Dayan et al. in 2000 reported bilateral lymphomatous optic neuropathy diagnosed by optic nerve biopsy through a medial transconjunctival approach (Dayan et al., 2000). Although the optic nerve sheath biopsied was not diagnostic, the material from the biopsied optic nerve showed infiltration by a low grade B cell non-Hodgkin’s lymphoma. The visual acuity deteriorated immediately postoperatively, but the visual function improved to the prebiopsy level several months after following low dose radiotherapy. The author suggested that diagnostic optic nerve biopsy might be considered for diagnosis in enigmatic cases even when visual function remained (Dayan et al., 2000).

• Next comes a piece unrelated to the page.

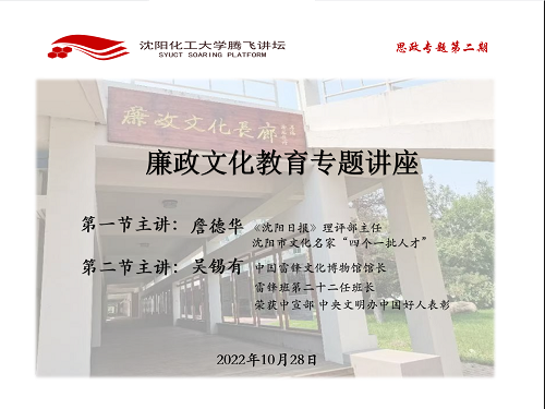 10月28日下午,taptap点点腾飞讲坛2022年度思政专题第二期开讲。讲坛以腾讯会议的形式举行,邀请了沈阳日报理论评论部主任、主任编辑、沈阳市文化名家暨“四个一批”人才詹德华以及中国雷锋文化博物馆馆长、雷锋班第二十二任班长、荣获中宣部“中国好人”称号的吴锡有两位专家作为主讲人。马克思主义学院教师和100余名学生参加了讲坛。

In 2010, Gunduz et al. evaluated the role of optic nerve biopsy in the diagnosis and management of optic nerve and sheath tumors. Their study described in detail the surgical procedures of the optic nerve biopsy via a medial transconjunctival orbitotomy approach, similar to optic nerve sheath decompression used in patients with pseudotumor cerebri. Seven patients with progressive optic nerve and sheath tumors were included. No complications related to the surgical procedure were noted. Histopathological examination revealed that five patients had juvenile pilocytic astrocytoma and two patients had optic nerve sheath meningioma. They concluded that optic nerve biopsy by the medial transconjunctival approach was relatively safe and it could be used to obtain histopathologic proof in selected cases of progressive optic nerve tumors for which treatment is deemed necessary, although the sample size was relatively small (Gunduz et al., 2010).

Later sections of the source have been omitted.